When you return the data, keep every line exactly as it is and leave out the pictures.

RECORDED DATA ->
________________________

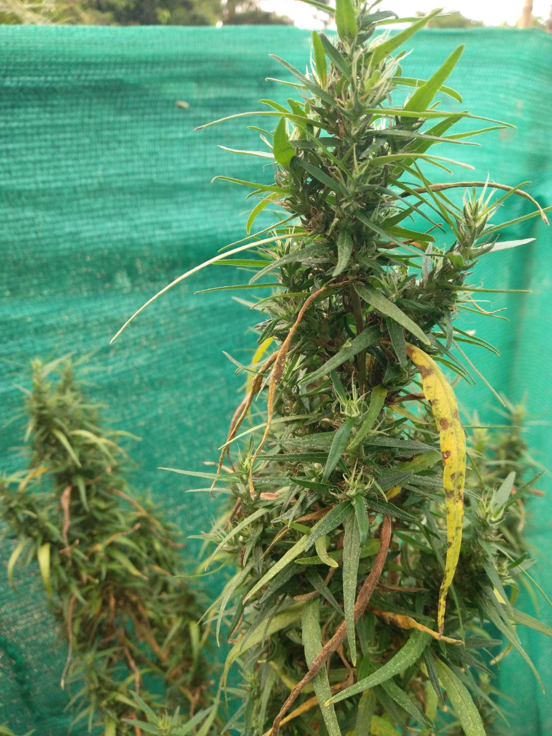 it is surprising how little attention in terms of veg these plants need if the soil or medium is naturally loaded with macro & micro nutes in Thailand as it usually is. Probably way too late but Im 99% sure those are spider mites and that strain you have there is called Squirrel Tail or Hang Kralok. It is a land race from the North East/Laos and a real shame she hermed but all do when they get stressed buy spider-mites which are bad this year, I know, I'm here...
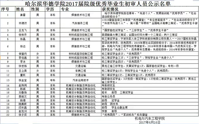 Beat365中文官方网站机电学院2017届院级优秀毕业生初审人员公示名单
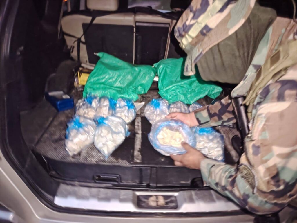 Durante el procedimiento, las autoridades interceptaron un vehículo con placa artesanal que transportaba paquetes envueltos con cinta adhesiva transparente. Tras la prueba de campo, se confirmó que la sustancia era cocaína.
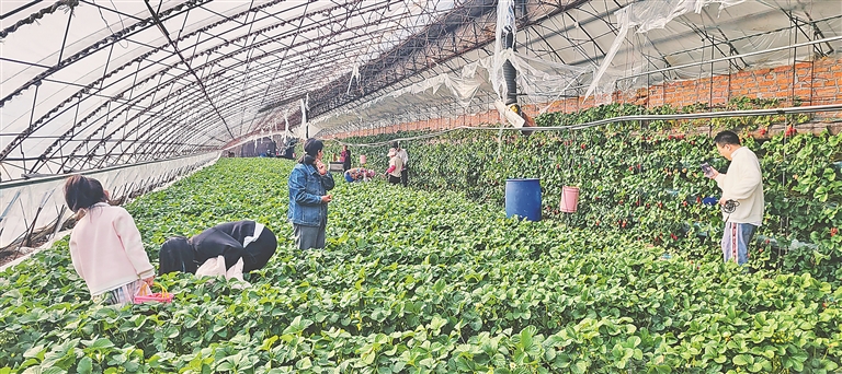 本报讯(梁思奇 记者姚建平)目前,讷河市城区周边采摘园草莓喜获丰收。在二克浅镇伟华绿色生态采摘园的大棚内,草莓个大饱满、色泽鲜红,游客们走进田间地头,感受草莓采摘的乐趣。
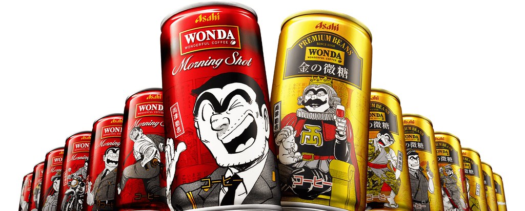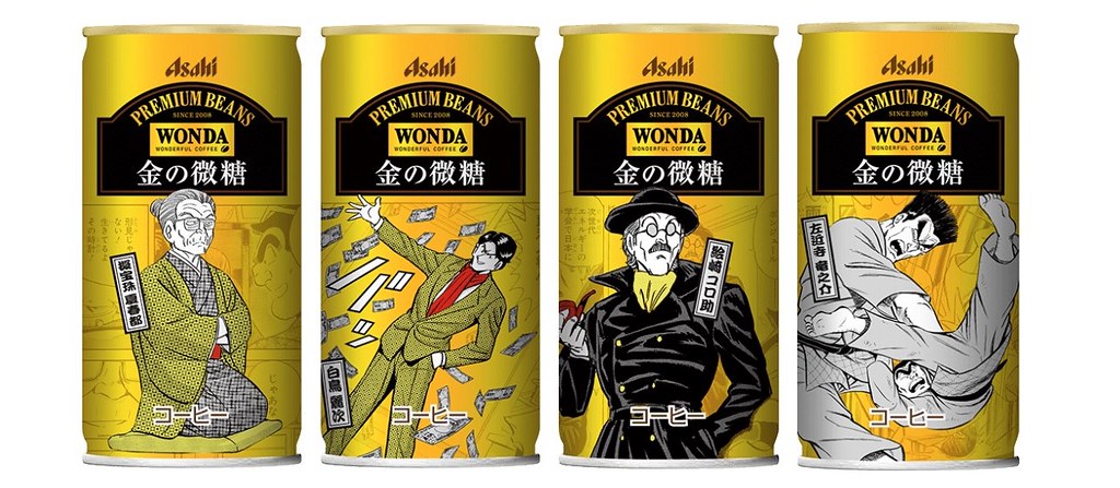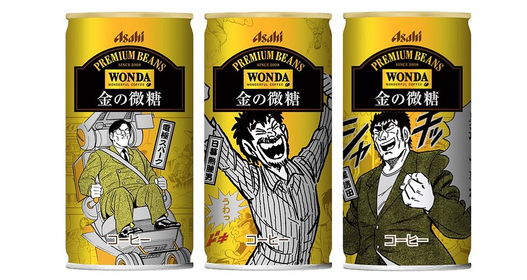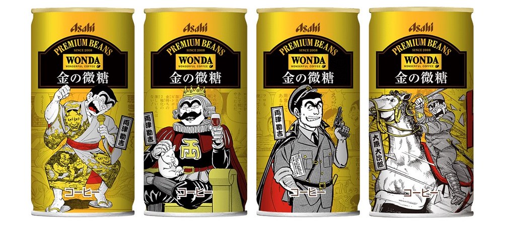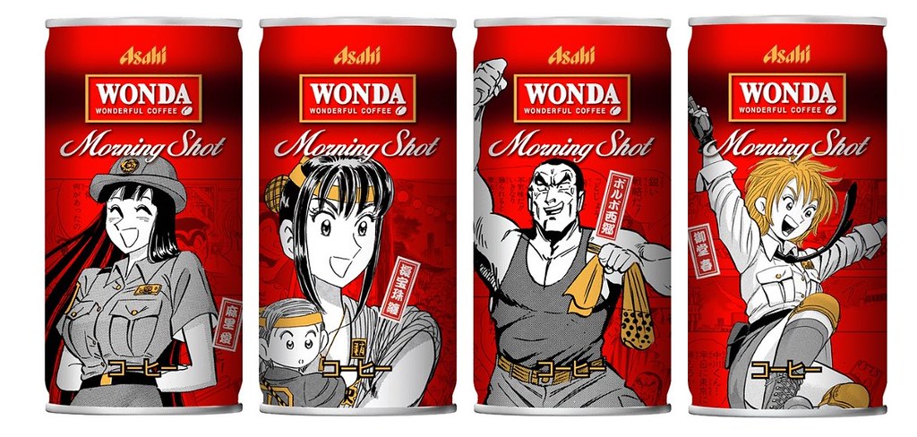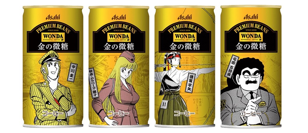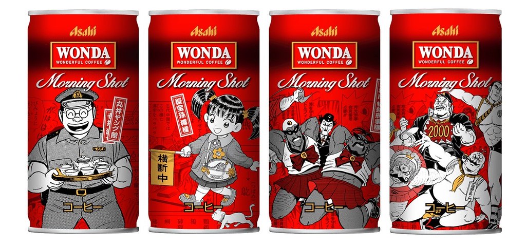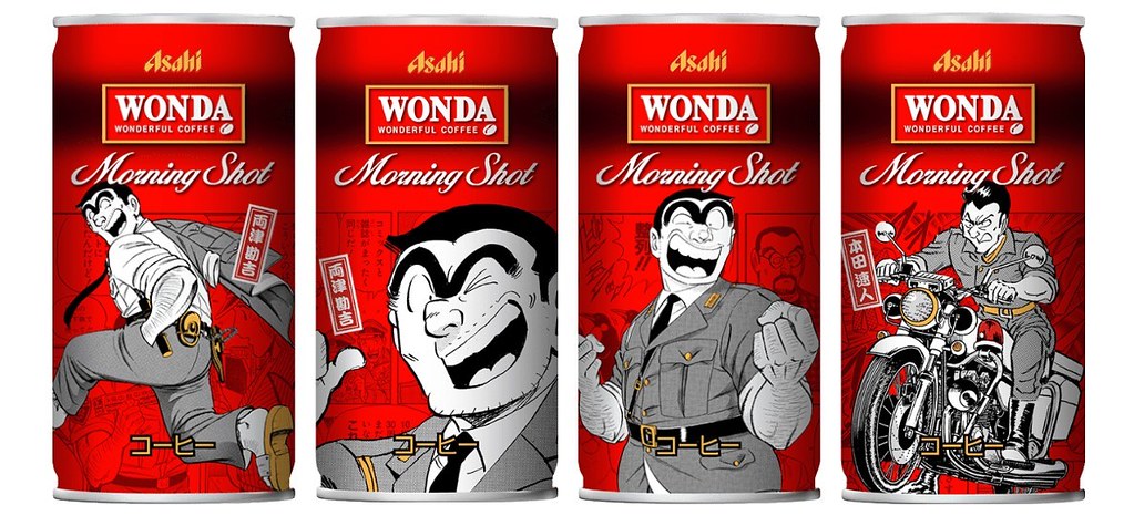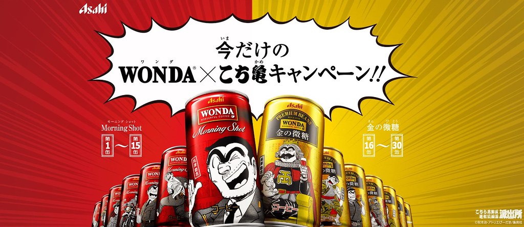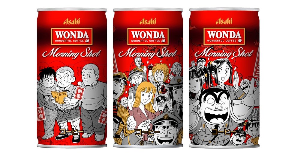 紅色罐裝的 WONDA「早安咖啡」(Monrning Shot)與金色 WONDA「金色微糖」(金の微糖)各推出 15 款限定包裝,從人氣主角兩津勘吉、中川圭一、麻里愛、秋本麗子...到較少見的日暮熟睡男、星逃田、電極史派克等角色都一一登場,更有推出需要兩瓶組合在一起的大集合款式,總數共計有 30 款包裝。

________________________

RESPONSE TO THE TASK ->
 it is surprising how little attention in terms of veg these plants need if the soil or medium is naturally loaded with macro & micro nutes in Thailand as it usually is. Probably way too late but Im 99% sure those are spider mites and that strain you have there is called Squirrel Tail or Hang Kralok. It is a land race from the North East/Laos and a real shame she hermed but all do when they get stressed buy spider-mites which are bad this year, I know, I'm here...
 Beat365中文官方网站机电学院2017届院级优秀毕业生初审人员公示名单
 Durante el procedimiento, las autoridades interceptaron un vehículo con placa artesanal que transportaba paquetes envueltos con cinta adhesiva transparente. Tras la prueba de campo, se confirmó que la sustancia era cocaína.
 本报讯(梁思奇 记者姚建平)目前,讷河市城区周边采摘园草莓喜获丰收。在二克浅镇伟华绿色生态采摘园的大棚内,草莓个大饱满、色泽鲜红,游客们走进田间地头,感受草莓采摘的乐趣。
 紅色罐裝的 WONDA「早安咖啡」(Monrning Shot)與金色 WONDA「金色微糖」(金の微糖)各推出 15 款限定包裝,從人氣主角兩津勘吉、中川圭一、麻里愛、秋本麗子...到較少見的日暮熟睡男、星逃田、電極史派克等角色都一一登場,更有推出需要兩瓶組合在一起的大集合款式,總數共計有 30 款包裝。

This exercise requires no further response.